The inactivated whole virion vaccine, BBV87, has entered the randomized, controlled trial to evaluate the safety and immunogenicity of a two-dose regimen in healthy adults.
The trial is starting at Clinica San Agustin in Costa Rica, and will expand next month to Panama and Colombia followed shortly afterwards by Thailand and Guatemala.
Goals for an affordable vaccine
There are currently no preventative vaccines or effective treatments available for chikungunya.

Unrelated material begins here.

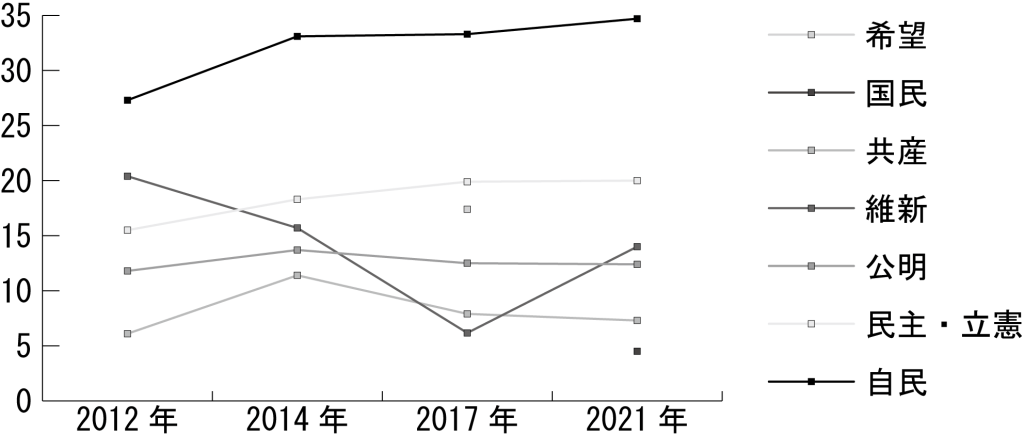 維新の獲得議席は、民主党政権から安倍政権になった12年総選挙で54、14年41と伸び、17年は11に減らしている。比例得票率は、それぞれ20・4、15・7、6・1%である。今回は12年、14年に「戻した」とも言える。維新は7、8年年前から兵庫へ地方議員、支持票を伸ばしてきていた。

While the virus was first identified in Tanzania in 1952, it begun to spread quickly in 2004 with large-scale outbreaks around the word. Since the re-emergence of the virus, there have been an estimated 3.4 million cases in 43 countries.
Climate change could further increase the threat posed by chikungunya: as the climate warms, more areas of the world will become home to the infected female Aedes mosquitos which transmit the virus. An outbreak was declared in Europe for the first time in 2007 and local transmission has been reported in the US since 2014.
Around one billion people in the world are already estimated to be at risk from chikungunya infection.
The Global Chikungunya vaccine Clinical Development Program (GCCDP) aims to develop and manufacture an affordable Chikungunya vaccine with the aim of achieving WHO prequalification to enable its distribution in low- and middle-income countries.
The GCCDP consortium
The IVI is leading efforts under the Global Chikungunya vaccine Clinical Development Program (GCCDP) consortium in partnership with Bharat Biotech International Ltd.; with support from the Coalition for Epidemic Preparedness Innovations (CEPI) and the Government of India’s epidemic preparedness initiative, Ind-CEPI.
CEPI partnered with IVI & BBIL in June 2020, providing up to $14.1m for manufacturing & clinical development of BBV87. This is supported by the EU's Horizon 2020 programme through an existing framework partnership agreement with CEPI.
The Ind-CEPI initiative has pledged up to $2m to set-up GMP manufacturing facilities for the vaccine in India and manufacture of clinical trial materials.
Bharat Biotech’s BBV87 vaccine is an inactivated whole virion vaccine based on a strain derived from an East, Central, South African (ECSA) genotype.
Phase 1 studies in India showed an ‘optimum immune response’ was elicited by the adjuvanted vaccine.
Furthermore, the company says the tech has a safety profile which could make the vaccine accessible to special populations, such as the immunocompromised and pregnant women, that some other technologies cannot reach.
Dr. Krishna Ella, Chairman and Managing Director of Bharat Biotech, said: “Epidemic preparedness is a vital step in public health care. Bharat Biotech’s vaccine candidate is an ingenious, well-researched vaccine, and we thank the first volunteer from Costa Rica for participating in this study.
“The IVI-led multi-country scale human trial has begun an important trial phase in furthering the evaluation of safety and immunogenicity.
"As a partner, we are committed towards GCCDP’s effort to realize a safe, efficacious vaccine that can help reduce chikungunya disease burden world over.”
“As a leader in pandemic vaccines, we have demonstrated unwavering commitment in solving the chikungunya, pandemic flu, zika and typhoid problems, as well as our relentless dedication to solve public health challenges through research and development of novel vaccines.”
Developing a chikungunya vaccine
Fellow vaccine company Valneva estimates the global market for vaccines against chikungunya will be worth more than $500m annually by 2023.
It currently has a chikungunya vaccine candidate in Phase 3 trials. Earlier this month it announced positive Phase 3 results for the single-shot vaccine. Final trial results are expected in the next six months, once the trial has reached a final analysis including six months of safety data.
The vaccine has been awarded Breakthrough Designation and Fast Track status by the US Food and Drug Administration (FDA); alongside Prime designation from the European Medicines Agency (EMA).
Elsewhere, the University of Oxford has been developing a vaccine based on the ChAdOx1-vectored vaccine platform used for the COVID-19 vaccine. It published Phase 1 data for ChAdOx1 Chik last month, showing a single-dose induced neutralising antibodies against 4 chikungunya virus lineages.
Meanwhile, MV-CHIK is a vaccine candidate using Themis’ measles vector platform, consisting of recombinant live Schwarz-strain measles-vectored vaccine expressing chikungunya virus structural proteins. The vaccine is in a Phase 2 study.